Many vendors use the term Cluster for simple fail-over or hot stand-by configurations. The CommuniGate Pro software can be used in fail-over, as well as in Distributed Domains configurations, however these configurations are not referred to as Cluster configurations.

A CommuniGate Pro Cluster is a set of Server computers that handle the site mail load together. Each Cluster Server hosts a set of regular, non-shared domains (the CommuniGate Pro Main Domain is always a non-shared one), and it also serves (together with other Cluster Servers) a set of Shared Domains.

To use CommuniGate Pro servers in a Cluster, you need a special CommuniGate Pro Cluster License.

Please read the Scalability section first to learn how to estimate your Server load, and how to get most out of each CommuniGate Pro Server running in the Single-server or in the Cluster mode.

Cluster Types

There are two main types of Cluster configurations: Static and Dynamic.

Each Account in a Shared Domain served with a Static Cluster is created (hosted) on a certain Server, and only that Server can access the account data directly. When a Static Cluster Server needs to perform any operation with an account hosted on a different Server, it establishes a TCP/IP connection with the account Host Server and accesses account data via that Host Server. This architecture allows you to use local (i.e. non-shared) storage devices for account data.

Note: some vendors have "Mail Multiplexor"-type products. Those products usually implement a subset of Static Cluster Frontend functionality.

Accounts in Shared Domains served with a Dynamic Cluster are stored on a shared storage, so each Cluster Server (except for Frontend Servers, see below) can access the account data directly. At any given moment, one of the Cluster Servers acts as a Cluster Controller synchronizing access to Accounts in Shared Domains. When a Dynamic Cluster Server needs to perform any operation with an account currently opened on a different Server, it establishes a TCP/IP connection with that "current host" Server and accesses account data via that Server. This architecture provides the highest availability (all accounts can be accessed as long as at least one Server is running), and does not require file-locking operations on the storage device.

Supported Services

The CommuniGate Pro Clustering features support the following services:

SMTP mail receiving
SMTP mail delivery
SIP signaling
XIMSS access
WebUser Interface access
XMPP signaling
POP3 access
IMAP access
FTP
RADIUS
TFTP
HTTP access to File Storage (including uploading)
ACAP access
PWD access and remote administration
CG/PL inter-task communication
HTTP request to external servers
RPOP polling
Remote SIP Registrations

Frontend Servers

Clusters of both types are usually equipped with Frontend Servers.
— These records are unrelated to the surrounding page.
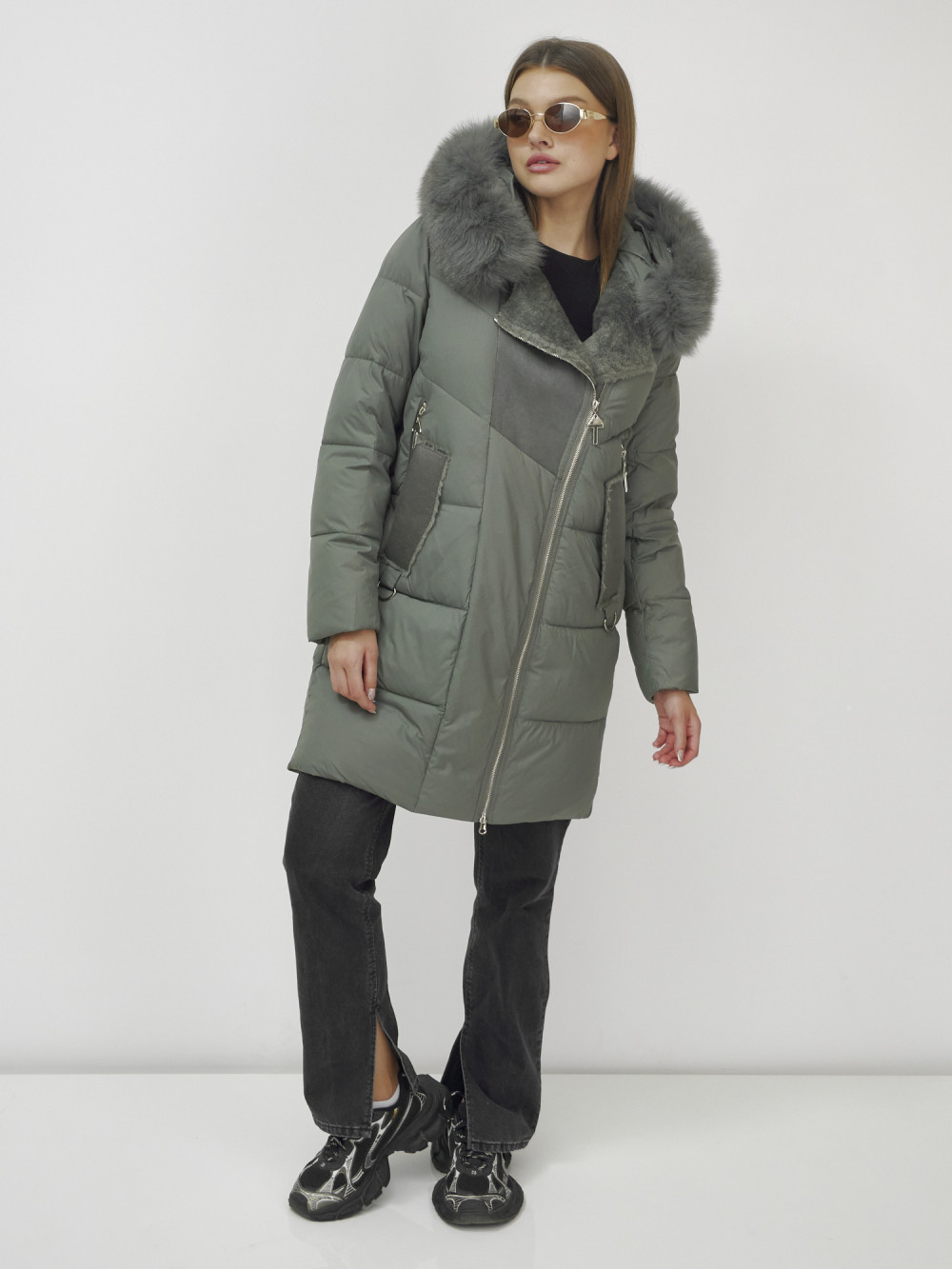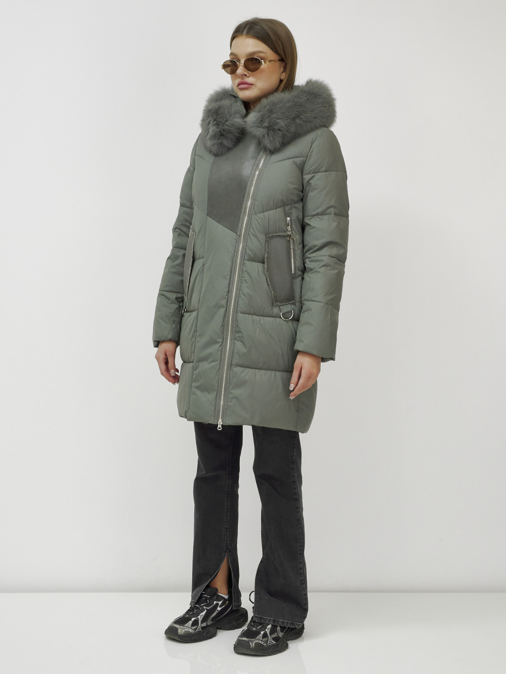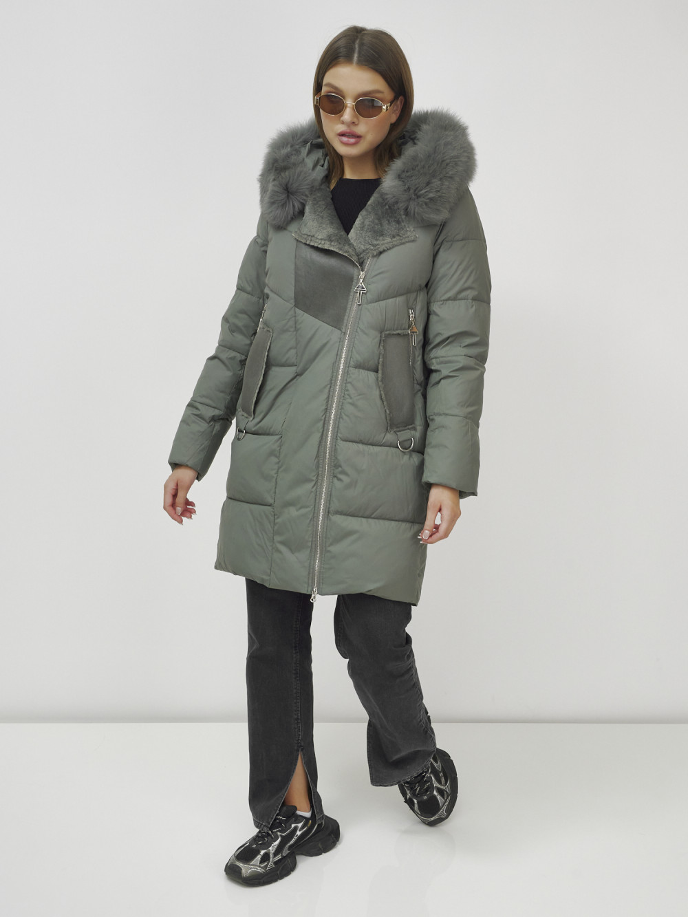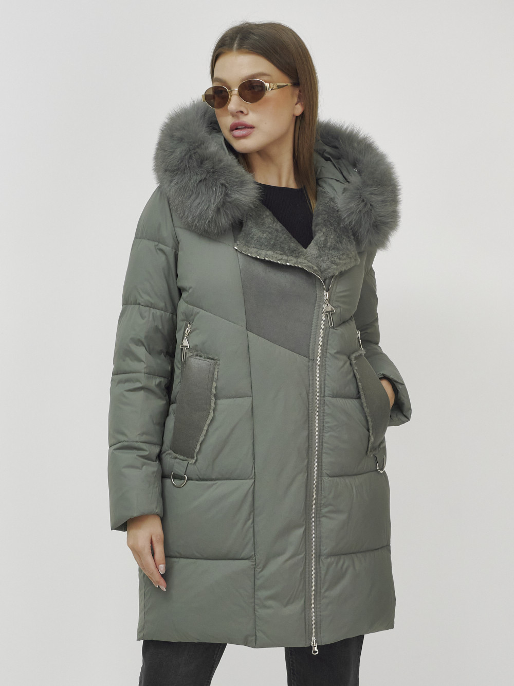 Куртка женская зимняя с мехом енот премиум класса зеленого цвета 3132Z — Visdeer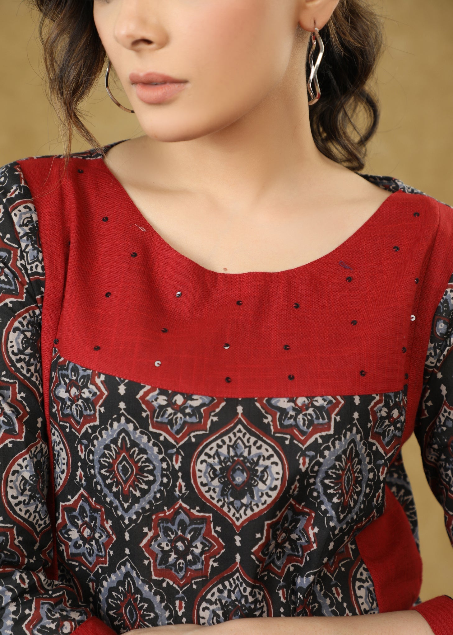 Stylish Maroon Ajrakh Combination Cotton Top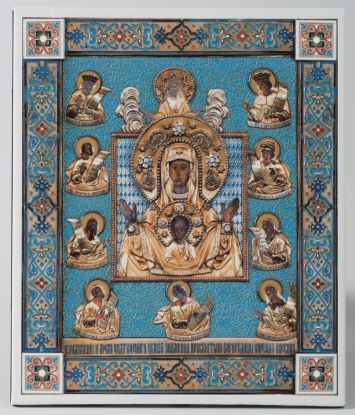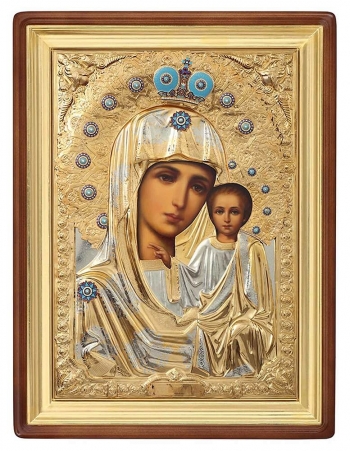 Икона живописная в киоте 75х105 масло, риза №169, эмаль, киот №1 Казанская БМ
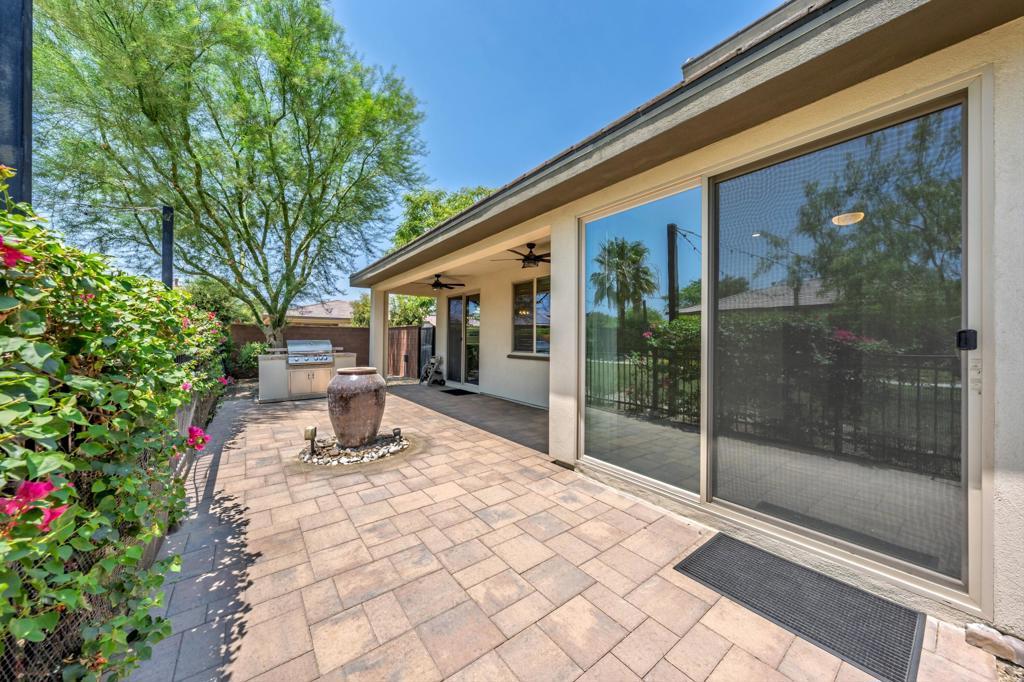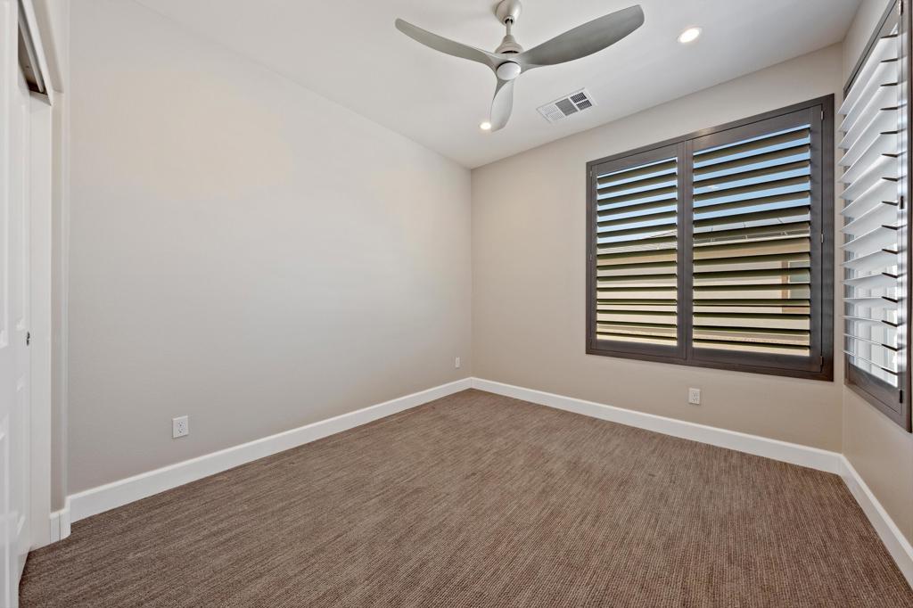 Lock & Leave Desert Retreat...Front & Back Landscaping Included...All Ages Are Welcome to Enjoy This Sunny South Facing Former Model Situated on a Premium Oversized Lot within Walking Distance to the Clubhouse. This Aria Floor Plan with Loft & Finished Den features approx 2,148 Sq. Ft. of Highly Upgraded Custom Appointments. Features include custom entry accent wall, plantation shutters and electric blinds, built-in cabinetry in the great room, upgraded lighting throughout, surround sound speakers, and upgraded tile accents in the kitchen and baths. The great room layout features the primary suite with sliders to the outdoor patio at one end with a guest bedroom and bath at the opposite end of the home. The second level with guest bath is the perfect space for a game room, theatre, or family room. The second level also includes a fully finished den with upgraded carpeting and custom shelving that could easily function as a guest bedroom for visiting friends and family. No surface has gone unnoticed, including the painted garage with epoxy flooring. The garage has been painted and features epoxy flooring. Trilogy Polo Membership is available for transfer. Pristine Clean and Move-In Ready...Don't miss this unique opportunity to own one of Trilogy Polo's finest!

Frontend Servers cannot access Account data directly - they always open connections to other (Backend) Servers to perform any operation with Account data.

Frontend servers accept TCP/IP connections from client computers (usually - from the Internet). In a pure Frontend-Backend configuration no Accounts are created on any Frontend Server, but nothing prohibits you from serving some Domains (with Accounts and mailing lists) directly on the Frontend servers.

When a client establishes a connection with one of the Frontend Servers and sends the authentication information (the Account name), the Frontend server detects on which Backend server the addressed Account can be opened, and establishes a connection with that Backend Server.

The Frontend Servers:

handle all SSL/TLS encryption/decryption operations
implement SIP Farm functionality, and most of SIP protocol features, including NAT Traversal
handle most of the SMTP relaying operations themselves
run Real-Time CG/PL applications and Media Server Channels
virtually eliminate inter-server communications between Backend Servers, and (in Dynamic Clusters) provide second-level load balancing
provide an additional layer of protection against Internet attacks and allow you to avoid exposing Backend Servers to the Internet
smooth out the external traffic (soften peaks in the site load), and protect the Backend Servers from the Denial-of-Service attacks
execute outgoing HTTP requests.
execute outgoing Remote SIP Registration tasks.
execute outgoing Remote POP (RPOP) polling sessions.

If the Frontend Servers are directly exposed to the Internet, and the security of a Frontend Server operating system is compromised so that someone gets unauthorized access to that Server OS, the security of the site is not totally compromised. Frontend Servers do not keep any Account information (Mailboxes, passwords) on their disks. The "cracker" would then have to go through the firewall and break the security of the Backend Server OS in order to get access to any Account information. Since the network between Frontend and Backend Servers can be disabled for all types of communications except the CommuniGate Pro inter-server communications, breaking the Backend Server OS is virtually impossible.

Both Static and Dynamic Clusters can work without dedicated Frontend Servers This is called a symmetric configuration, where each Cluster Server implements both Frontend and Backend functions.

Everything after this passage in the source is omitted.